Support for TLS

Johannes Stezenbach js at sig21.net
Tue Jan 25 20:58:38 GMT 2011


On Mon, Jan 24, 2011 at 09:06:40AM +0100, Sebastian Spaeth wrote:
> On Sat, 22 Jan 2011 21:59:53 +0100, Johannes Stezenbach <js at sig21.net> wrote:
> > On Sat, Jan 22, 2011 at 06:44:16PM +0100, Eshat Cakar wrote:
> > > WARNING: Error occured attempting to sync account remote: [Errno 1] _ssl.c:490: error:140770FC:SSL routines:SSL23_GET_SERVER_HELLO:unknown protocol
> > > Other combination do not work either.
> > > Since TLS is the new default (according to RFC) I would be happy if you could
> > > implement support for it.
> 
> > For TLS, I guess you need to add ssl_version=ssl.PROTOCOL_TLSv1 to the
> > ssl.wrap_socket() arguments.  See the Debian bug below for
> 
> Right, looking at
> http://docs.python.org/dev/library/ssl.html
> 
> it seems that the protocol version being used is negotiated by the local
> openssl library and the server, so I am a bit surprised that they are
> not doing the right thing by default (e.g. choosing v3 rather than v2 by
> default, and using TLS if needed).

I'm not sure how this is supposed to work in openssl either.  All
I know is that the IMAP server I use was upgraded and the new
version immediately disconnects when it sees an SSLv2 client hello.
That's how I found out offlineimap was trying to connect using SSLv2.

Currently I'm using a locally patched version of offlineimap
which specifies ssl.PROTOCOL_SSLv3.

> I am a bit hesitant to introduce yet another config option that only
> experts can set, I am rather a fan of having apps find out and do the
> right thing themselves.
> 
> So would the right thing here be to first try with
> ssl.PROTOCOL_TLSv1 and if that fails, to fall back to
> ssl.PROTOCOL_SSLv3 ?
> 
> We should probably not even offer SSLv2 anymore? Or do some servers
> still require it. It's not safe, as far as I know though, right?

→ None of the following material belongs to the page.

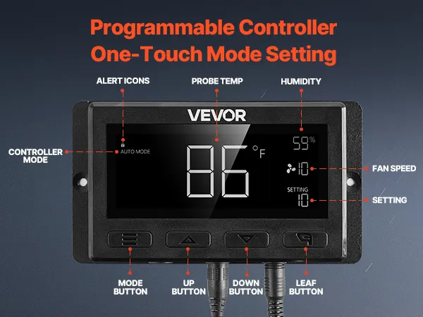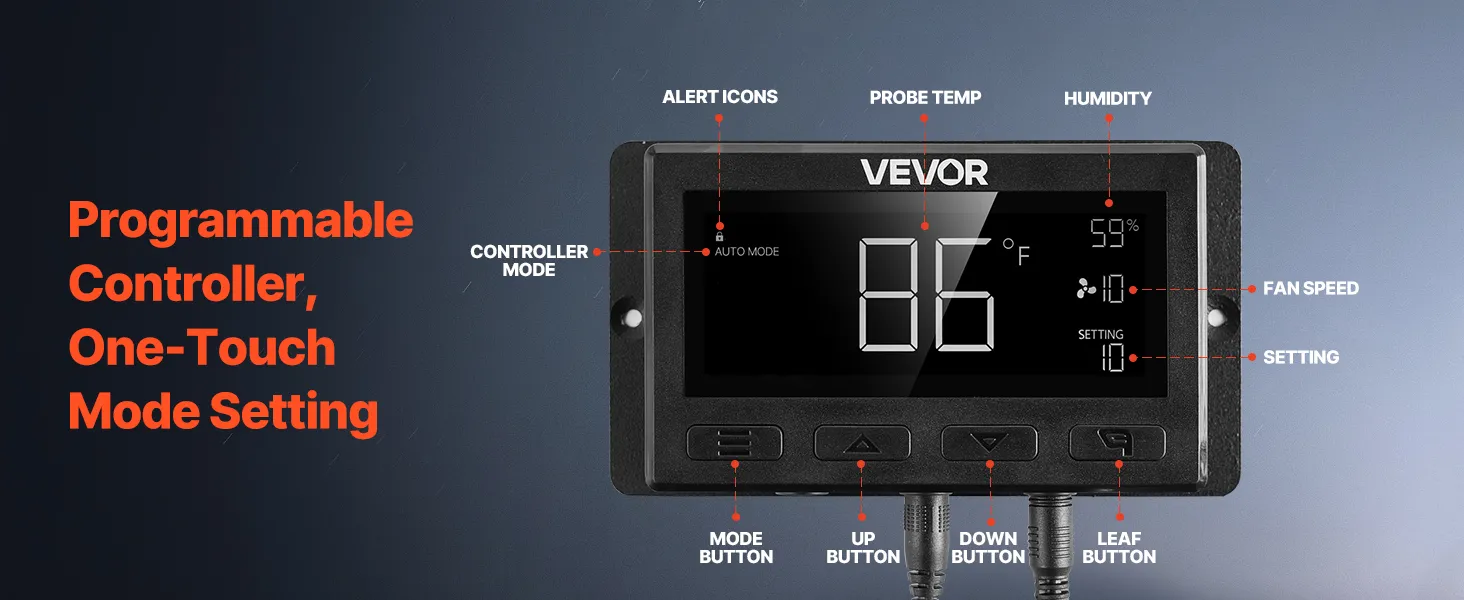 Smart Programming: This fan features an intelligent controller with temperature and humidity triggers, offering up to 10 speed settings that automatically adjust to changing conditions. Multiple modes, timer and alarm, full control for any situation
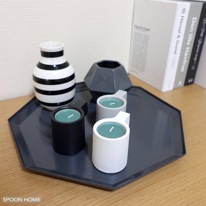 先ほどご紹介した「INFÅNGAキャンドル皿」に載せました。黒、グレー、白のティーライトホルダーは、キャンドル自体の色がキレイに映えます。

SSLv2 is broken, no one should use it.  I think the only reason
to support it would be for SSLv2-only servers (if those exist),
and even then we should print a big warning and require the user
to acknowledge that it is OK.  We must not silently fall back
to SSLv2 since it would allow an attacker to make you use
SSLv2 inadvertantly.

BTW, openssl-1.0.0 has SSLv2 disabled by default:
http://www.mail-archive.com/openssl-users@openssl.org/msg62049.html

But I'm not sure what this means for Python's ssl module.
I'm using Debian sid which currently still has openssl-0.9.8o.